# איל / צבי



## albondiga

Hi all,

Do איל and צבי refer to different animals?  Or are they just two ways to say the same thing (deer)?


----------



## scriptum

צבי means gazelle


----------



## cfu507

There is a difference between them, but they are from the same family (if this is the correct expression). The אילis bigger and has longer horns.


----------



## albondiga

OK, looks like:
צבי = gazelle
איל = deer

Thanks!


----------



## Gadyc

albondiga said:


> OK, looks like:
> צבי = gazelle
> איל = deer
> 
> Thanks!


 
I think it's right but don't mix between:

Eyal (איל) is the male of the deer / moose, 
BUT 
Ayil (איל) is the male of the cheep.
Same spelling, different prononciation, and totally different animals.

For Hebrew readers: http://www.safa-ivrit.org/fauna/ayal.php


----------



## scriptum

Gadyc said:


> Eyal (איל) is the male of the deer / moose,


Hi Gadyc,
Sorry for my pedantry:
"eyal" means "strength",
"ayal" means "deer".


----------



## Gadyc

scriptum said:


> Hi Gadyc,
> Sorry for my pedantry:
> "eyal" means "strength",
> "ayal" means "deer".


 
Yes, you are rigth. 

I dodn't think that Eyal is used in modern Hebrew (at least) for "strengh". 
It is quite rare also in the Bible.
 I am sure that a pupil using Eyal as Strength in his homework will probably get a red cross on it.


----------



## albondiga

Gadyc said:


> For Hebrew readers: http://www.safa-ivrit.org/fauna/ayal.php



First line from that page: "עוד זוג בעלי חיים שלעיתים מבלבלים בינם הם האַיָּל והצבי" ... looks like I'm not the only one! 
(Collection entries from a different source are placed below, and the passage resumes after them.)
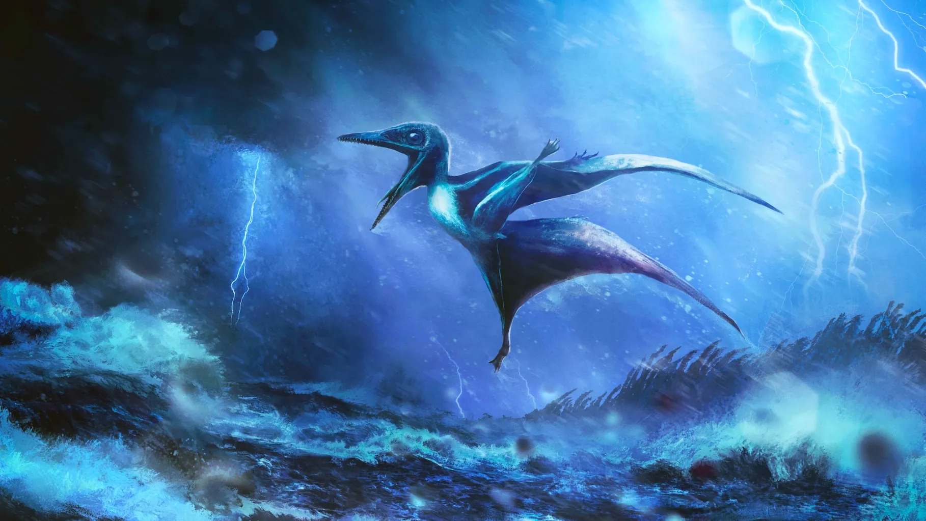 受化石发现的启发,一位艺术家对一只小翼手龙幼崽在肆虐的热带风暴中挣扎的印象。&...
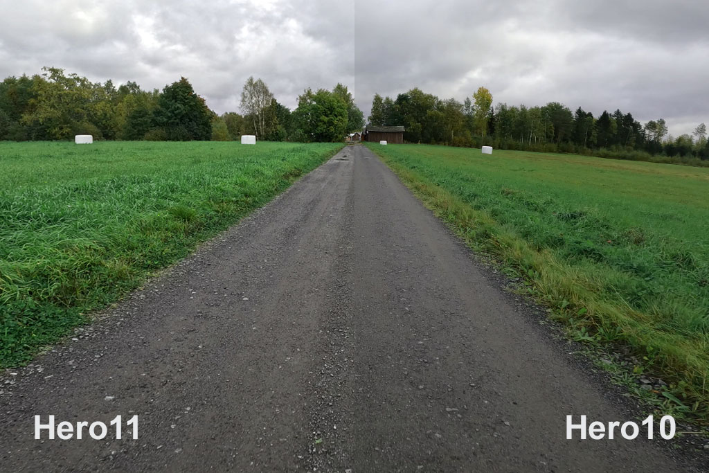 De två bilderna nedan är från exakt samma tidpunkt filmat med Hero11 och Hero10. Här syns en ganska tydlig skillnad på bättre teckning i himlen samtidigt som kontrasten är högre i Hero11. Hero10 ger överlag en aningen mörkare bild med lägre kontrast.
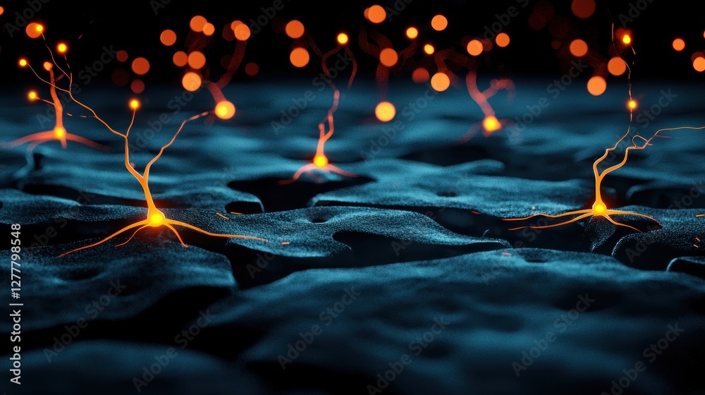 Wall mural glowing lines and pulses traveling through a network of neurons, illustrating the flow of informatio - Wall murals Wall mural glowing lines and pulses traveling through a network of neurons, illustrating the flow of informatio - Wall murals
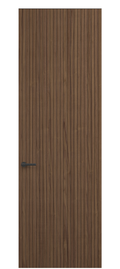 SELECT — коллекция минималистичных дверей с фрезеровкой по натуральному шпону. Рельеф на поверхности полотна создаёт игру света и тени, добавляя пространству динамичности и визуального объёма. Двери SELECT в сочетании со стеновыми панелями и мебельными фасадами, повторяющими лаконичный дизайн, создают единое стилевое решение.
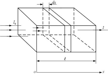 Cвітло з інтенсивністю I0 яке падає на тіло товщиною l частково відбивається від границь розділу середовищ (рис.). З урахуванням відбиття від першої поверхні у зразок пройде випромінювання з інтенсивністю (1 - R)I0. Внаслідок поглинання у шарі товщиною dx інтенсивність випромінювання I зменшиться на величину dI. Кількість поглиненої енергії dI пропорційна кількості енергії I що падає і товщині поглинаючого шару dx -dI = Idx
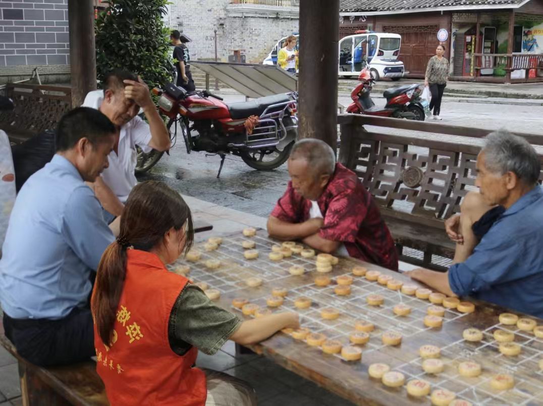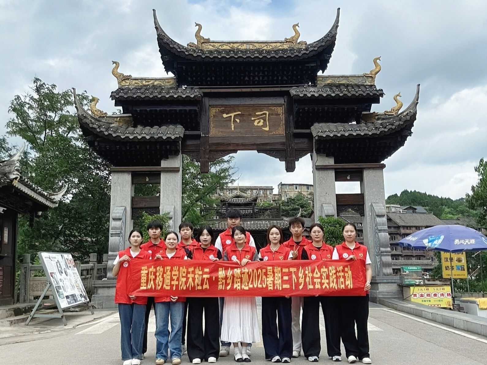 广场转角处,木质凉亭内居民围坐闲谈,实践团成员们也融入其中,倾听着镇中老人讲述着古镇的故事,感受这里宁静的生活节奏。古老的建筑、青石板路,与人们的欢声笑语交织在一起,构成了一幅岁月静好的画面。实践团成员们在这里体会到了下司古镇的独特风情,也感受到了当地居民对生活的热爱和对家乡的眷恋。
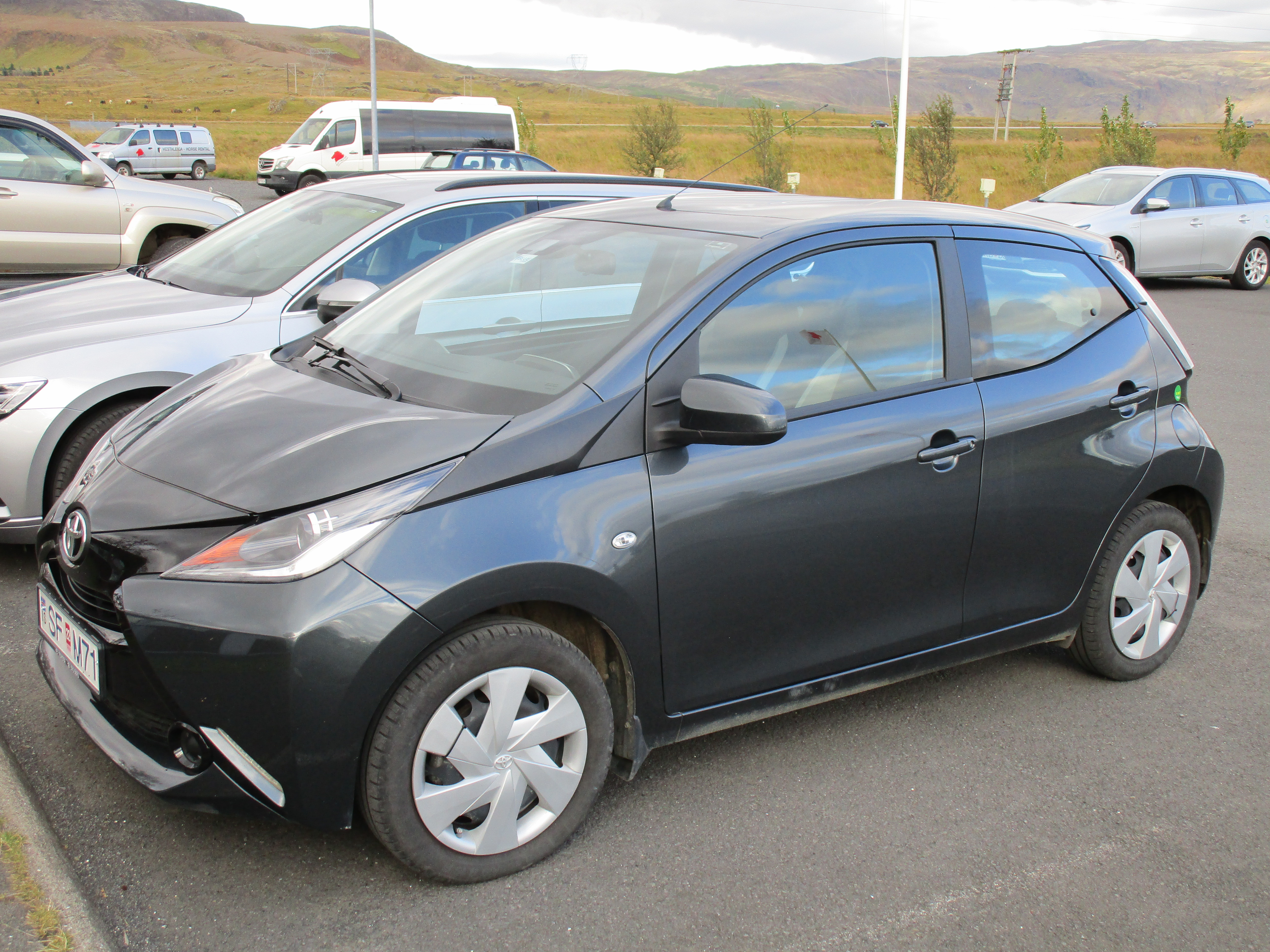 Icelandic roads are excellent, clean, clearly marked, and just enough asphalt so Aygo and the trucks can maneuver safely. The speed limit is 90kph or around 55mph so not slow but not overly fast either. Doesn’t matter, top speed in Aygo-slow is about 15mph if we keep the windows closed and my foot in it.
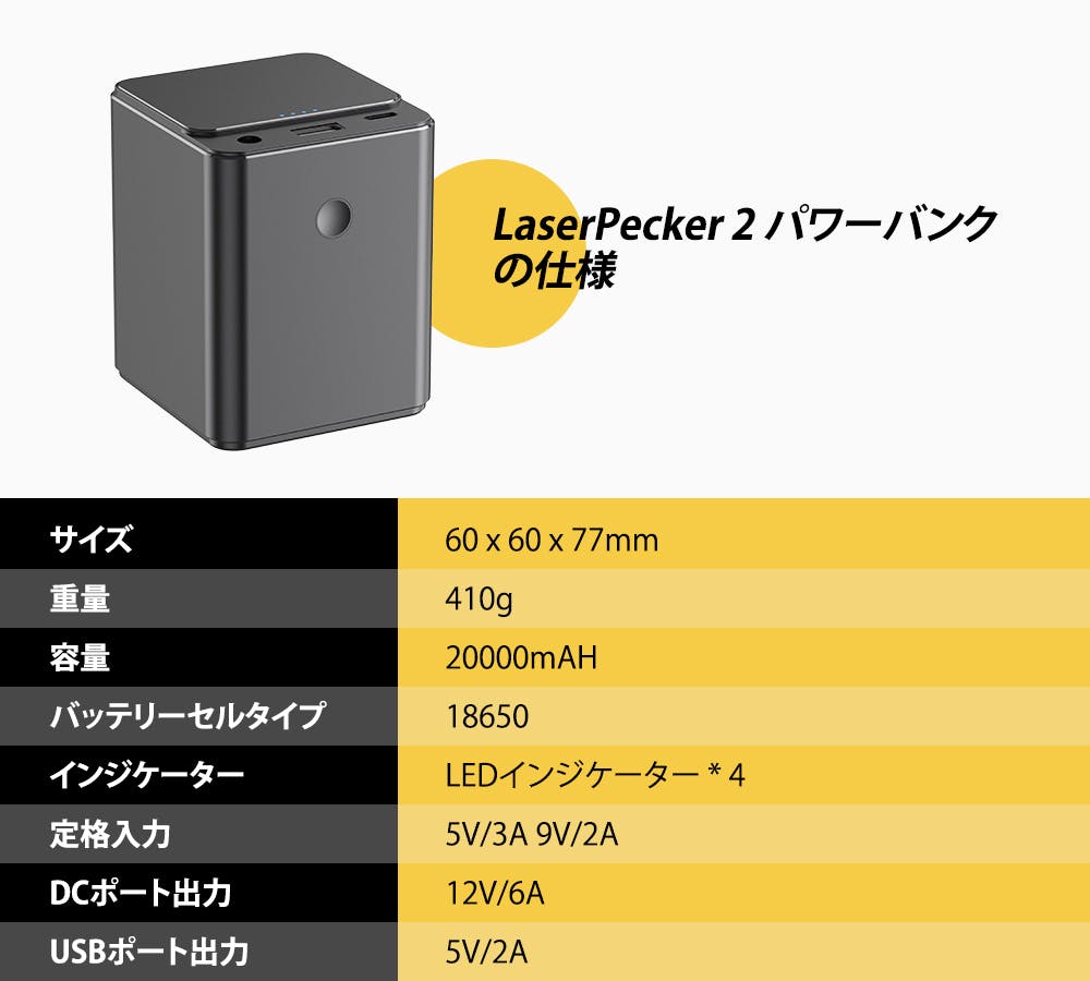 LaserPecker 2には、専用のコンパクトなパワーバンクもあります。そのため、LaserPecker 2をどこへだって持って行けます。電池が切れたとしたとしても、そこから給電すればまたすぐに作業に戻れます。
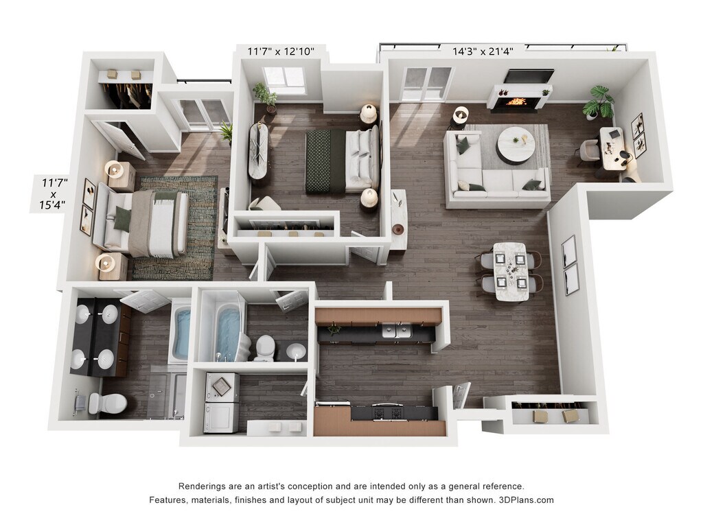 2 Beds, 2 Baths, 1214 sq ftModel Gallery
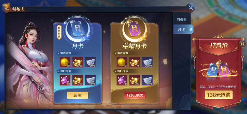 ② 有138元的合购价格,可以同时以优惠价同时购买月卡和荣耀月卡
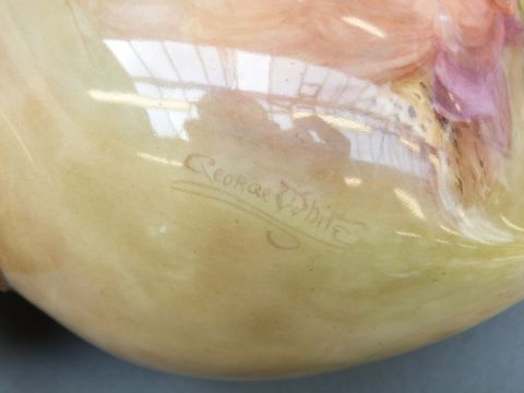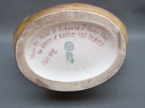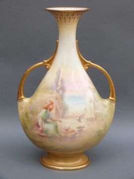 Royal Doulton twin handled vase of flattened globular form, decorated with classical scenes of a bard playing music to young ladies and a girl feeding pigeons verso by George White. Inscribed to base 'from the artist to Edward J Raby esq. in token of esteem and regard, July 1912', Edward Raby was a prominent Royal Worcester artist .37cm tall

Anyway, thanks to everyone for clearing this up!


----------



## chaya

Hi Gadyc,
A small correction for you :
The male of the sheep is called a 'ram'.  The female is called a 'ewe' (pronounced 'you') .  'Cheep is the sound made by baby birds when calling for food.  Kol tuv.   CHAYA


----------



## Gadyc

chaya said:


> Hi Gadyc,
> 'Cheep is the sound made by baby birds when calling for food.


 
Yes of course. I meant Sheep.


----------